So, swallowing his pride, he went to Y’s luxurious official residence, to plead for modest financial assistance. When he got there, the security guards told him that their Oga was in and called their Oga from the intercom phone in the gatehouse, to ask whether they could allow X to enter the compound. The answer was “no”.

X and Y have a mutual pal who attends the same church as Y. And the mutual pal bumped into Y a few Sundays later, after service, and gently berated Y for not helping X, who had lavished so many favours on him when he was in need. And do you know what Y said to the mutual friend, without any trace of remorse or irony?

“All of the success I have achieved in this world is because of my prayers, my hard work and God’s love for me, not because of any so-called favours from anyone”!!!

OK, so there are 2 sides to every tale of woe. And justice demands that we don’t jump to negative conclusions about any individual on the basis of mere hearsay…and that we give VIPs the benefit of the doubt when there is no concrete evidence to prove that they are guilty of the misdemeanors of which they have been accused.

But, by pure coincidence, I happen to know Y, the parastatal head who treated his generous ex-benefactor so shoddily. And he has an excessively high opinion of himself…and a reputation for being nasty; and I have heard so many similar stories about Y from other people that I think it fair to describe him as a chronic sadist.

I also, coincidentally again, happen to know people who know X; and everyone from whom I have sought a character reference has told me that he’s an immensely pleasant guy who helps others whenever he can and deserves respect and support.

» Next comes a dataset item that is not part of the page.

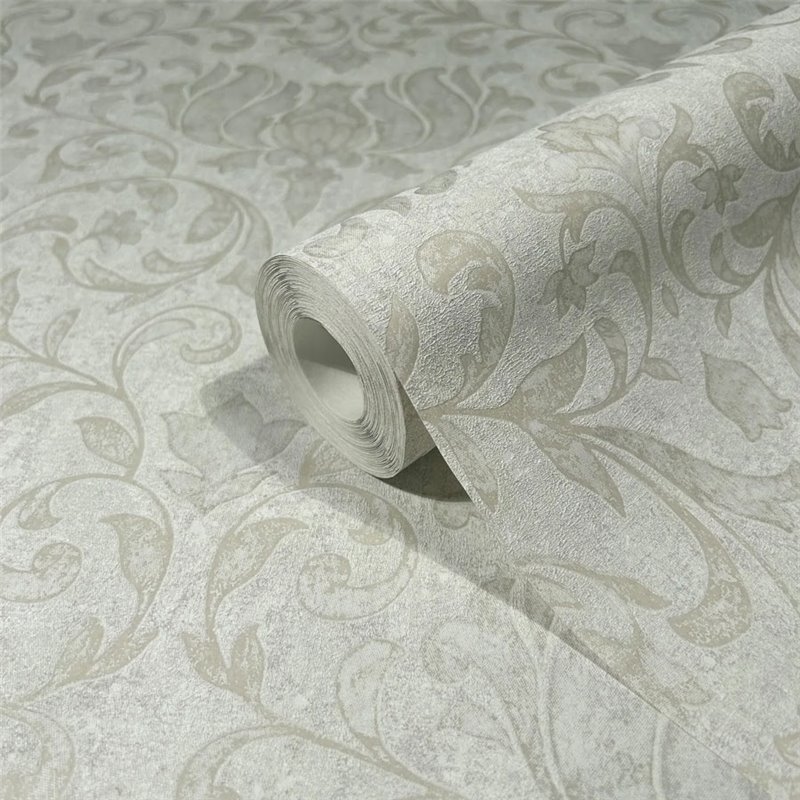 Papel pintado floral estilo damasco beige y gris, refleja buen gusto y modernidad. Marburg City Romance 35147.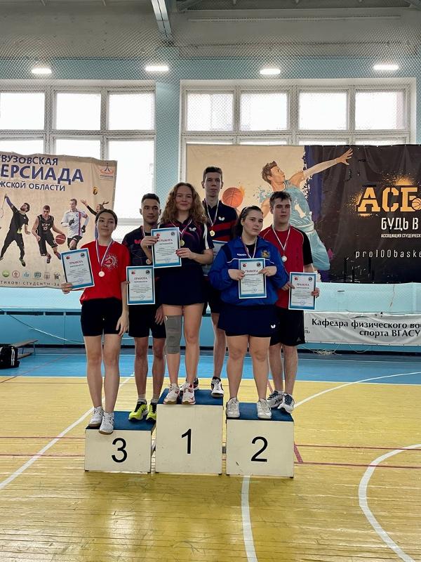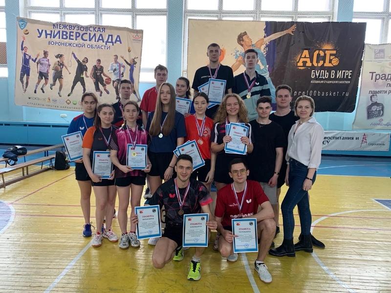 19 марта в спортивном комплексе ВГТУ прошло Первенство Воронежской области по настольному теннису. В соревнованиях приняли участие студенты средних и высших учебных заведений. В каждой из проводимых спортивных дисциплин спортсмены ВГУ заняли золотые медали и призовые места.

As luck would have it, Y was recently sacked by President Buhari and I hear that he is being investigated for corruption. And I have no idea whether he is a thief or not, but he is at least a callous, pompous ingrate; and am so incensed by his treatment of X, his kind-hearted old school chum, that I hope he winds up in jail!
Kudos to El-Rufai

It was announced, last weekend, that Kaduna State will provide government primary school pupils with free meals when the new term commences next Monday.

Shehu Usman Adamu, Kaduna’s Commissioner of Education, Science and Technology, says that the programme has been amply provided for in the state’s 2016 budget…and that the food vendors in each of the 255 wards have been organised into cooperative societies, to facilitate implementation of the programme.

The Commissioner added that: “School-based management committees comprising of parents and notable community figures, have been sensitised to support, monitor and report on the performance of the programme in each of our schools”…

….[and will] “meet their respective vendors to jointly review the procedures and modalities for effective service delivery [and] strictly monitor the programme to ensure that any bottlenecks that emerge in the initial stages are resolved.”

The programme, in addition to ensuring that even the poorest pupils gain sufficient nutrition, “is designed to boost the economy at the grassroots by involving people at the community level as vendors. It will also expand the market for our farmers, even as it brings more of our people into the formal economy,” Adamu said.

I salute the enlightened and dynamic Kaduna State Governor, Nasir el-Rufai, for coming up with an ambitious, compassionate and progressive initiative that will impact positively on thousands of lives, if everything goes according to plan.